With a sufficient amount of data, it will be possible to derive a mathematical equation to express this effect. The inclusion of the bust impact on the pressure generated by the explosion, to the process of risk assessment of critical infrastructure objects or other objects important for the state and society and soft targets, allow this process, such an approach is described in detail in [23,24,25,26]. In this way, the risk assessment can be adapted to the variability of how the attack is carried out and the possibilities of the offender. The influence of ignition on the pressure generated by the explosion can be practically incorporated into the modification of the environment surrounding the protected objects, e.g., using the CPTED method to ensure a safe distance between the protected area and the area in which an explosive can be placed.

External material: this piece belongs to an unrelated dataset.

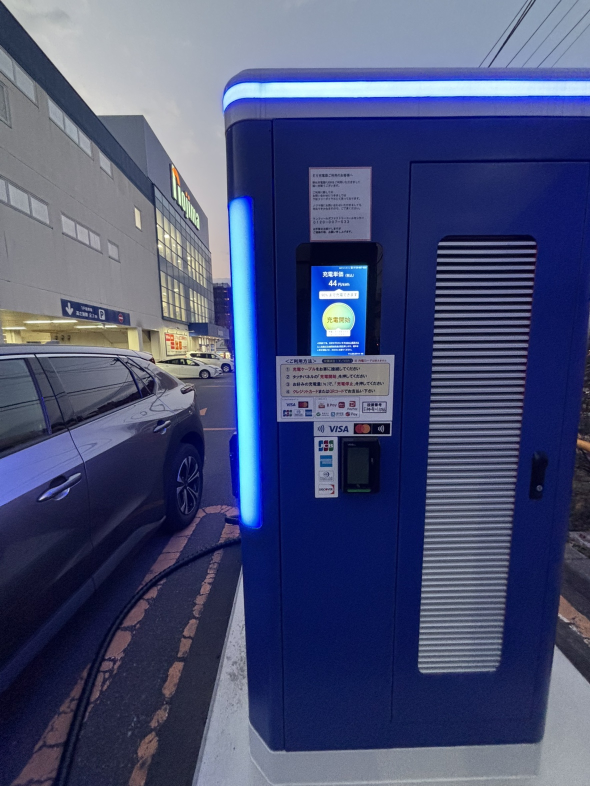 について 充電有料。 クレジットカード決済または二次元コード決済 kWh従量課金制(44円/kWh) 充電終了後に決済をせずに3分経過すると1分あたり100円加算。

Protection against explosives and the effects of an explosion on persons and objects in the vicinity of the explosion is a multidisciplinary area. For this reason, there is a wide scope for research, development and collaboration of individuals and teams of researchers, academics and practices.

The protection of assets, not only against the effects of an explosion, is aimed at ensuring the symmetry system of asset protection. If the symmetry is achieved during the explosion, and if it is known when this symmetry can be achieved, then the symmetry of the asset protection system must respond to this fact. This means that their relationship is dynamic. If the symmetry of the asset protection fails to respond to the symmetry of the explosion, then in the event of an actual attack, then losses of human lives and property will occur that could have been prevented.

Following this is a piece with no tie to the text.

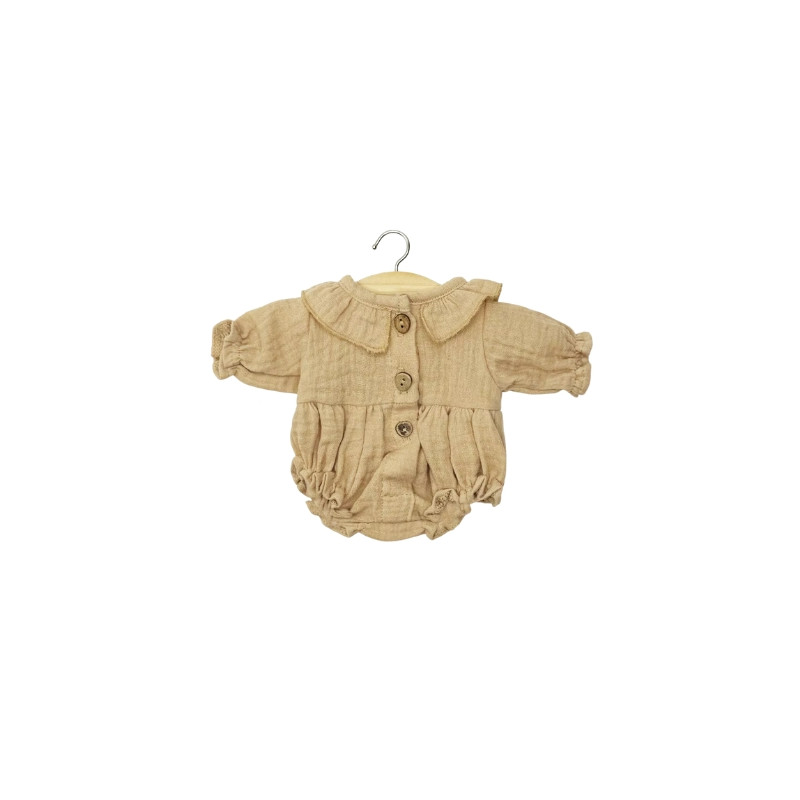 La barboteuse Léonore habille les poupées Minikane Gordis (34 et 37 cm) avec douceur et élégance. Confectionnée en gaze de coton, elle offre un tombé léger et une allure raffinée. Ses manches longues apportent une touche intemporelle, parfaite pour compléter la garde-robe des poupées avec style.

Knowledge of the details of the influence of each factor on the symmetry of pressure generated during the explosion of explosives and improvised explosive devices creates space for planning, design and implementation of assets and their protection systems so that they are in line with real security threats and especially their real ability to compromise security (symmetry) of the elements. For a comprehensive perception of the issue, it is necessary to know not only the effect of ignition but also the effect of the properties of the charge. The position of the charge relative to the protected assets and the direction of the explosion or explosion of the cumulative charge are facts that include a number of other factors influencing the symmetry of the pressure generated by the explosion and thus, the effect of the explosion on persons and elements in the environment. These factors are e.g., the method and material of sealing of the charge or its directing, the shape of the charge, the place of initiation, and in the case of cumulative charges, the properties of the cumulative current, etc.

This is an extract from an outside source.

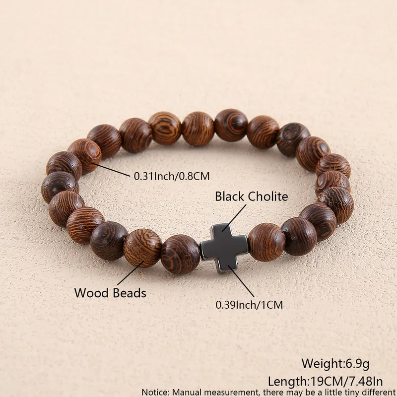 Never Needy Cross Natural Stone Bracelet | Wood Grain

The presented results disprove the dogma that as the booster weight increases, it automatically increases the performance efficiency of explosives, i.e., the pressure at the front of the blast wave. The results show that the size of the primary charge of the booster does not affect the explosive properties of ANFO. Based on this, a critical mass is necessary to initiate the explosive, but then there is no linear, exponential, or logarithmic dependence due to the increase of the weight of the booster. Published results show the amount of optimal relevant booster charge, which still has an impact on the increased effect of the base charge, and is considerable for practical use. The research deals with the study of the effects of ANFO explosives, used in terrorist attacks as well as in mining works, therefore the results have important innovative implications for the field of security management, in addition to mining. In the field of security management, it is, therefore, possible to count on a standard mean value of the effect of the explosive and it is not necessary to consider the adoption of significantly more expensive measures to protect important buildings and human lives. Also in mining, the results have an economic nature, it is not necessary to consider the use of a higher amount of booster because higher weight does not affect the performance of the explosive and in this way the costs are reduced.